Русские писатели тоже смешные люди. Одни смеются сквозь слезы, другие – просто так. В этой смешной стране они пекутся о нравственности. Но, как ацтеки, они кровожадны, склонны к человеческим жертвоприношениям. Они отрубают головы женщинам и врагам. Романы пропитаны темой смешных отцов и смешных детей. Не только Тургенев и Достоевский, но и Серебряный век в «Петербурге» Андрея Белого договорили эту тему до ритуального убийства. Революционер-сын и реакционер-отец. Книга, бомба, террор. Знала бы моя мама, болея от моего детского равнодушия к печатному слову, прививая любовь к литературе, что я отражу эту тему в жизни, навредив всей семье, она бы, наверно, сожгла все книги нашей семейной библиотеки.

Из письма моей мамы моему папе, отправленному из Вены в Москву 17 февраля 1979 года:

Дорогой мой Вов,

живу уже две недели – завтра – без тебя. И все время словно под шотландским душем. То прохладная вода, то снова горячая…

Я уже тебе писала, что стараюсь заниматься все время до предела и быть с людьми, чтобы отделаться от гнетущих мыслей. Но вот, кажется, исчерпала все возможности всяких встреч. Да и как много их могло быть при нашей уединенной жизни?

 

Третий день льет дождь либо стоит густой туман, не располагающий даже выйти на улицу прогуляться. ‹…›

В который раз я переживаю за тебя! Ну какое ты имеешь отношение к литературным экспериментам? Виктор действовал как последний идиот, подставив себя под удары со всех сторон тогда, когда он еще ничего толком не сделал, как говорят, не вышел в люди. Что за безответственность! Он наломал дров, испортил себе в жизни многое и надолго.

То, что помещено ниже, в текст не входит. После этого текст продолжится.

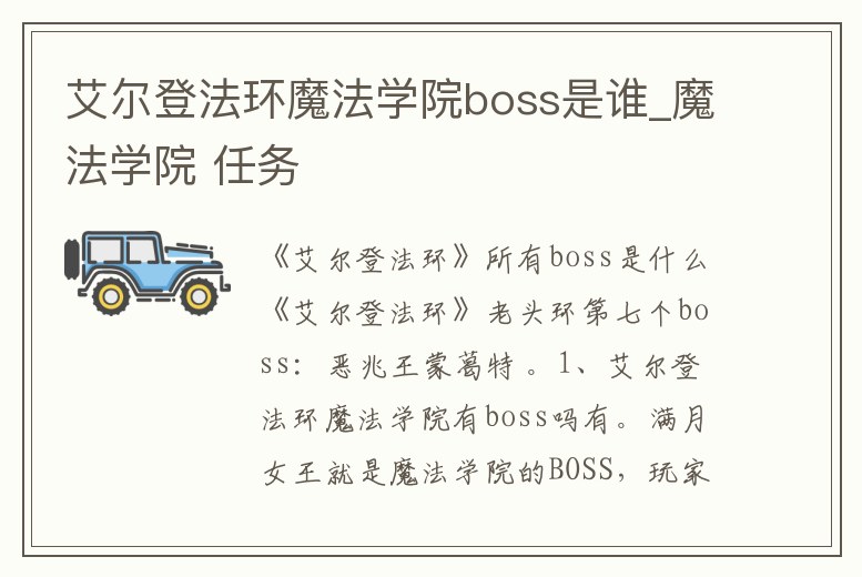 艾爾登法環魔法學院boss是誰_魔法學院 任務

Но вот ты! Ты-то при чем? Безупречная служба, подорвавшая тебе и здоровье, и нервы. Колоссальная ответственность. Вся жизнь, отданная работе. Вечерние бдения до полуночи, когда другие (неразборчиво) или пьют водку.

Надо кончать, ибо больше я не могу писать об этом. ‹…›

Посылаю вам кое-что.

Носки – Андрюше, баночку икры – Олежке. Вино – вам вместе.

Целую крепко-крепко,

Галя.

Как дикое животное, время резко меняет место своего обитания. В пыльных чемоданах крокодиловой кожи, дорогих портфелях с оторванными ручками, картонках из-под экспортной водки «Столичная» хранятся визитные карточки покойников, приглашения на приемы давно ушедших в отставку правительств, меню обедов и ужинов с несуществующими ныне людьми, газеты экст ренных новостей (в основном некрологи). Бюрократический экзистенциализм, тоска по бессмертию, жажда оставить след. Мой папа – барахольщик.

МАМА. Зачем тебе это нужно?

Отец никогда не отвечает на этот вопрос. В центральном ящике стола у него лежит номер «Правды»: невиданный в истории журналистики некрофильский апофеоз, заверстанный в черных рамках газетных полос. Стиль врачебного заключения о смерти вождя настолько блестящий, что невольно думаешь: все это – литература.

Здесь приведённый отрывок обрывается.